On the other hand, with a completely free hand, you end up with something like the oft-ridiculed "Media Studies" glut of recent years. (Though in my day, it was Art Students who were the supposed 'free wheelers' through education, and some of the 'soft sciences' fulfill both this and the "we need <foo>!" mentality mentioned above.) Today, I'm sure "doin' somefing wiv compooters" is an attractive option. And though the latter, especially, might cause me problems as they're invading my chosen field and reducing my own opportunities, I must clarify that I'm not suggesting that the fields themselves, or even a majority of the students in them, are 'easy option, back-of-the-cereal-box' in any way, just a distillation of the perceptions that can be made (and often spouted by everyone from left-wing comedians to right wing media).
Also, insert whatever job-types you feel like in there, though. Engineers/Nurses/Teachers was just an example, and probably in no way connected to reality.
So. Solutions? I'd go down the road of a hybrid Apprenticeship scheme. Make it so that companies can (with appropriate support and guarantees, especially in the case of smaller businesses) commit to taking on an unqualified person direct from leaving compulsory education (who passes some appropriate aptitude tests, and expresses a genuine interest in the role) and allow company and apprentice to 'invest' time in each other. And it should be open to all businesses, from silversmithing to funereal services, from architecture to... well, computer support.
I suppose you could tweak it a little to try to encourage a little bit of new-blood (hopefully not literealy, remembering H&S at all times) into industries such as farming, where the average ages severely need to rebalanced by a slew of keen youngsters, but supply and demand (though not in a capitalistic manner) ought to be able to help that balanced[1] without forcing unwilling youngsters into fields, or forcing the adoption of unsuitable candidates from the company's POV. If I'm not sounding a little Utopian in my all-too-briefly sketched ideas.

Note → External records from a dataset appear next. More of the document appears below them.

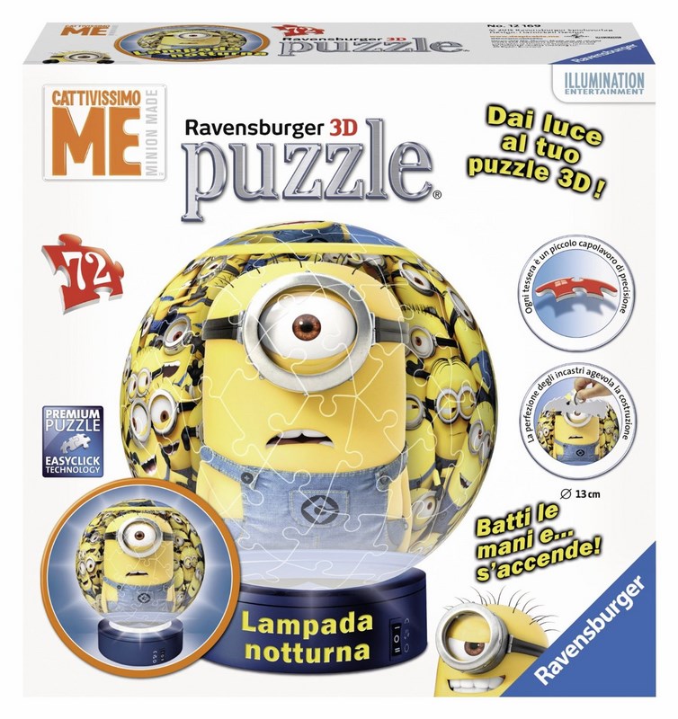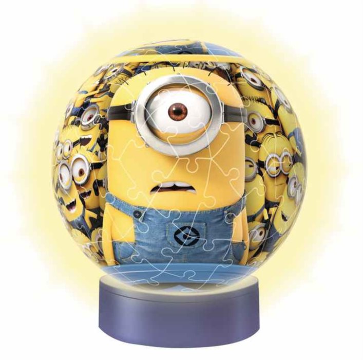 Stwórz stabilną kulę z perfekcyjnie wykrojonych, plastikowych puzzli. Technologia “easystick” gwarantuje świetną zabawę od początku do Końca! Puzzle po ułożeniu można nałożyć na specjalną podstawkę z wbudowaną lampką. Dzięki temu powstaje wyjątkowa lampka nocna, która ucieszy każdego fana Minionków.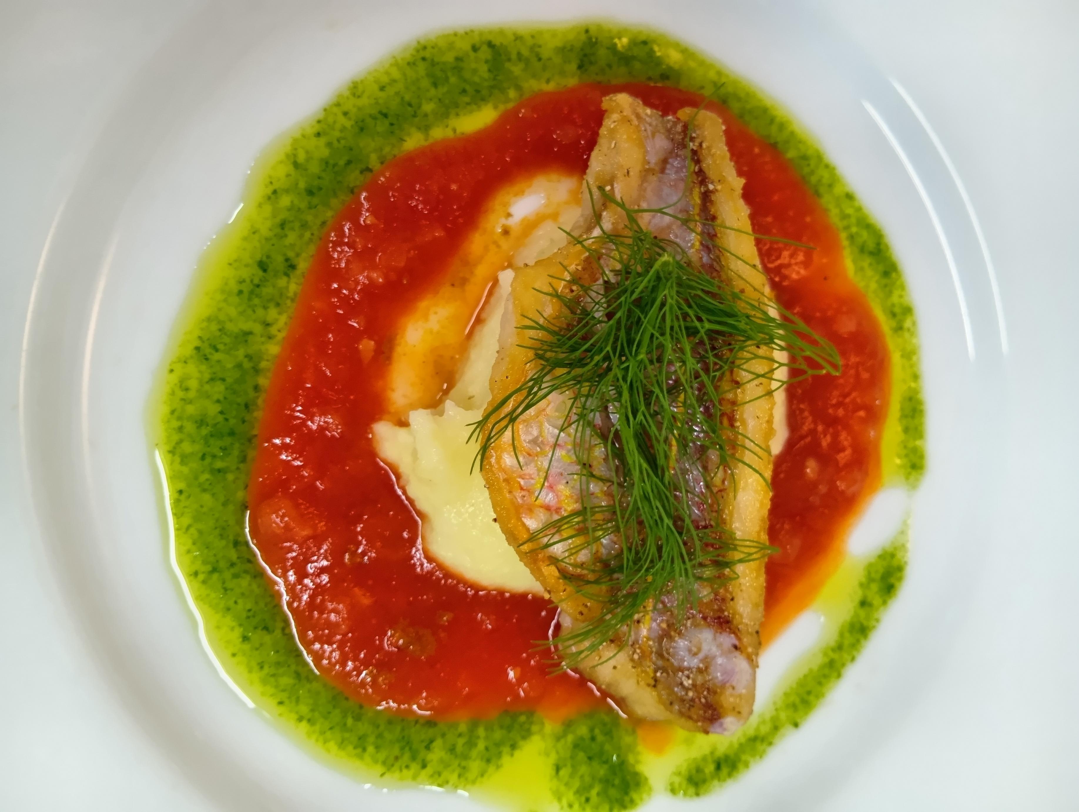 イトヨリダイ、ニンニク風味ポテトピューレ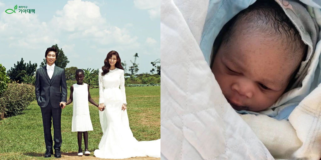 공개된 사진 속에는 김정화, 유은성 부부와 2009년 우간다 봉사활동을 통해 인연을 맺은 아그네스의 모습이 담겼다. 아그네스는 현지에서 결혼해 최근 출산한 것으로 보인다.
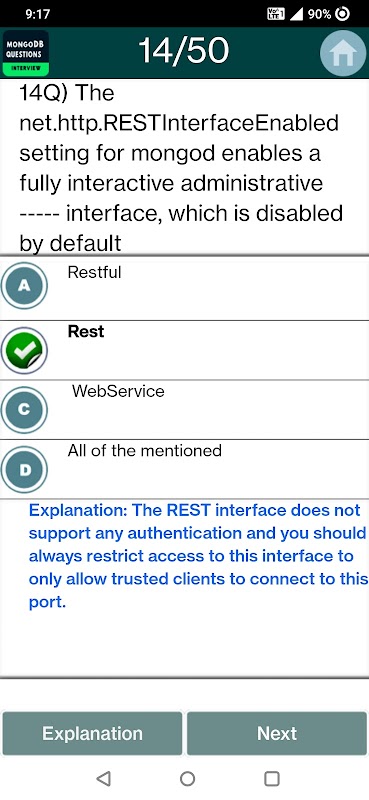 MongoDB प्रश्नोत्तरी मुफ्त एप्लिकेशन को आपके MongoDB परीक्षा के लिए तैयार मदद करता है। इस MongoDB आवेदन में हम अपने MongoDB परीक्षा पर सफलता के लिए एक से अधिक 2000 + बहुविकल्पीय प्रश्न दे रहे हैं।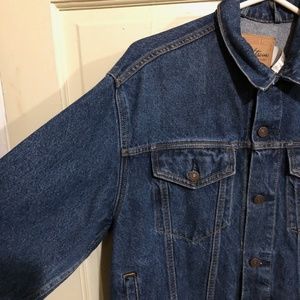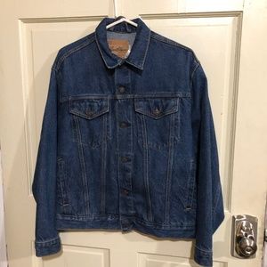 Levi Strauss Signature denim jacket men's size XL..features an art to wear design action figure design on the back...looks to be fabric applique or painted fabric applique on the back with black embroidered outline....jacket is in nice condition with not too much wear....see all measurements for correct fit 20" shoulder to shoulder 21" pit to pit 25 center back length 19" underarm sleeve length 23" shoulder sleeve length

[1] As a caveat, I do acknowledge that if an industry (like farming or 'Little Mester'-style metalworking workshops) gets below a certain level of existing presence, this reduces the number of potential placements to below the usually viable degree, even if you allow doubling-up on apprenticeships and can somehow support that. I have a few ideas about what to do about that (e.g. the way that stone-masonry and other largely extinct arts are 'rediscovered' and reinvigorated by medieval cathedrals who gather together what experts there are in the field and build a team to re-learn and implement anew the old skills in an authentic manner, with both practical artisans and academic eyes involved), but they would need to be finessed a little to be actually workable. OTOH, at the top-end, apprenticeship opportunities in some bloated field (e.g. call centres) would be proportionately less than the current workforce, and might even be exempt/overlooked given the nature of the in-the-job-training that's already carried out.